В юрте пахло горящими аргальными лепехами и кислым молоком. Едкий дым резал глаза. В дальнем углу на божничке с бурханами плавилась свеча. За пологом юрты лютовала вьюга, и, когда приподымала тяжелое серое покрывало, в дверной проем вкатывались искряно белые комья снега, отчего аргальный огонь колебался, а по шатровому потолку скользили серебряные тени. Иной раз они падали на лики бурханчиков, и те заметно светлели, оживлялись, и можно было подумать, что им не хватает только ветра, чтобы сорваться с насиженного угла и улететь.

— Ты давно не приходил, Агван-Доржи, — сказал хозяин, и не понять, с осуждением или с легким недоумением.

— Я подымался на Баргузинский голец, Бальжи-ахай, и стоял там на хребтине, сняв с себя всю одежду. И день стоял, и ночь, а потом опять день и ночь. И смотрел в небо и видел Учителя мира, парящего на облаке, и говорил с ним. Учитель был доволен мной и сказал, что он тоже в последней своей земной жизни всходил на снежные вершины Гималаев, чтобы испытать силу духа. «Я вижу твое старание, — сказал Учитель. — И знаю, истина откроется тебе на смертном одре, и об этом будешь знать только ты». Я спросил: «Почему так?.. Разве мое знание не может быть потребно еще кому-то?» Учитель сказал: «У каждого свой путь, опыт другого бесполезен ему. Будь иначе, человек утратил бы жажду поиска истины». Мне стало грустно, я понял, что человек одинок не только в смерти, он подобен увядшему листу дерева, упавшему в шумную горную реку, вода несет его, и не у кого спросить: куда, зачем?.. Но то и хорошо, что скоро в листе пропадает и это желание, обрывается нить, что связывала его с прежней жизнью. И вот уж нет его. Ничего нет.

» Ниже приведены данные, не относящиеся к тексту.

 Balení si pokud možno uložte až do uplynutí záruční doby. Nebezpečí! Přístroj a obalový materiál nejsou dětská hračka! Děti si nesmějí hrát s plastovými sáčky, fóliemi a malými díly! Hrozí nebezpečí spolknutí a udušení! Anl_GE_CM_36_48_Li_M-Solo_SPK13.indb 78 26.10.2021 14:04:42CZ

Агван-Доржи помолчал, глядя, как Бальжи шуровал в очаге облитые красным дымом коровьи лепехи, движения рук старика были слабые и неуверенные, и монах огорченно вздохнул.

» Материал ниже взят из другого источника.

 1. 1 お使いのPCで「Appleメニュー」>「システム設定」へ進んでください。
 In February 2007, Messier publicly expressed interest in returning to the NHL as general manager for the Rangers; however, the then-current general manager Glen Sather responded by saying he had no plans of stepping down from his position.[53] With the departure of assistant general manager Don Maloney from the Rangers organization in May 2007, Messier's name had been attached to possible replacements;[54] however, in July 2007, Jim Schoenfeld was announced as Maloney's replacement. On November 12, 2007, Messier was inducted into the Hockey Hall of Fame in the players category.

— И я задумался, а не есть ли пустота от блага отпущенное действо? Быть может, она одна и надобна человеку? Ведь сказал однажды Учитель: «Там, где никто не рождается, никто и не умирает, там нет душевной боли и нет страдания. Там тихо и спокойно». Что он имел в виду? И тут в душе моей что-то поменялось, я к чему-то приблизился, к чему-то чистому и дальнему. И тогда я натянул на себя одежду и спустился вниз, в расщелину меж скал. Идти было трудно, ноги сделались тяжелые, как камень, по которому шел. Но я не сдавался, по моему следу брели белые волки, и я не хотел стать их добычей.

— Белые волки?..

— Да, белые. Большие и сильные, с черной пастью.

— Я не понимаю, — в смущении сказал старик.

— Я тоже…

В юрте зависла тишина, лишь потрескивали желтые мухи, вырываясь из горящего очага, и еще в воздухе, не достигнув черного земляного пола, угасали, и на божничке что-то чуть слышно пощелкивало, позвякивало, как если бы там устроили возню черные тараканы.

— Ты помнишь старого Гомбо? — чуть погодя спросил Бальжи.

Монах ответил не сразу, тут, в юрте, было лишь изломанное морозами, но все еще крепкое тело, а дух витал там, среди мрачных снежных гольцов.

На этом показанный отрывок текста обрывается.